The newspaper quoted company sources as saying that the sites would be spun off as soon as possible to private investors but would continue to supply Airbus at more favorable rates.

Workers would thus retain their jobs but probably be paid less, Bild claimed.

The company’s biggest German facility is in the northern port of Hamburg, which employs more than 10,000 workers, and in the nearby port of Bremen, where 3,100 people work.

Cabling problems that led to the latest delay in production of the Airbus A380 superjumbo have been traced to the Hamburg plant.

The program is now two years behind schedule and Airbus’s parent company EADS has forecast it will suffer operating losses of around 4.8 billion euros ($6.0 billion) as a result.

The newspaper Die Welt, meanwhile, said that a broad restructuring plan for Airbus directly threatened up to 1,000 German jobs, through the elimination of temporary posts or reductions in the number of hours worked. No outright job cuts were foreseen before 2012, however.

The French co-chairman of EADS, Arnaud Lagardere, told the French economic daily Les Echos that the rescue plan would affect France as well as Germany. Airbus has a total workforce of 57,000.

Lagardere stressed in a interview published yesterday that there was no alternative to the plan dubbed Power8, and that it would “include reductions in administrative posts” at Airbus.

On Tuesday, German Transport Minister Wolfgang Tiefensee met French counterpart Dominique Perben and said later he was sure Airbus would come up with a “fair solution between France and Germany” to labor problems raised by the restructuring program.

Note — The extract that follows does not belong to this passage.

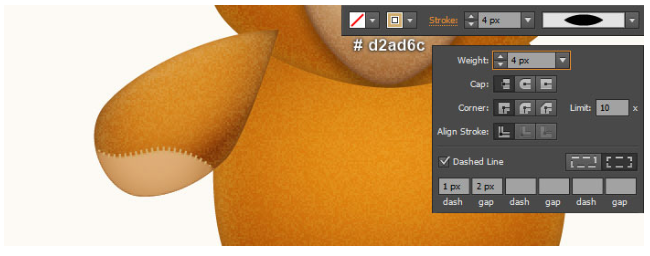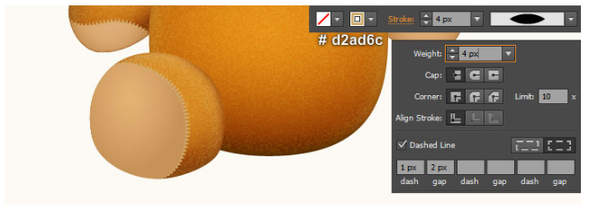 빨간색 경로를 계속 선택하고 기존 스트로크 색상을 약간 주황색(# d2ad6c)으로 교체한 후 스트로크 중량을 4px로 변경하십시오. 그런 다음 결과 경로에 너비 프로파일 1을 적용하십시오. 이 경로가 여전히 선택되어 있는지 확인하고 Stroke 패널(Window > Stroke)을 여십시오. 점선 상자를 선택한 다음 대시 상자에 1px, 간격 상자에 2px를 입력하십시오.

The new chief executive of Airbus, Louis Gallois, visited the company’s headquarters in Toulouse, central southern France, on Tuesday and afterward an official of the main FO trade union there, Julien Talavan, said:

“He reassured us, saying that today there was nothing to make us think that the company was going to get rid of any (production) site.

“He told us that the company would not touch the sites and that it would do its best to get people to leave (the workforce) because of age, and that he would do everything possible to launch the A350 (medium-distance) airliner.”

The trade unionist also said: “He reassured us about the assembly lines, in particular for the A320 which will remain in Toulouse, (and) for the A380.”

Gallois had also rejected press reports that the restructuring plan would involve the shedding of about 10,000 jobs, Talavan said.”

He added that Gallois “is unable to give us a figure” for job cuts and that “nobody has a figure for that...in two or three months we will know.”

Also on Tuesday, a spokeswoman for Airbus said “We are categoric. Absolutely no figure has been fixed.”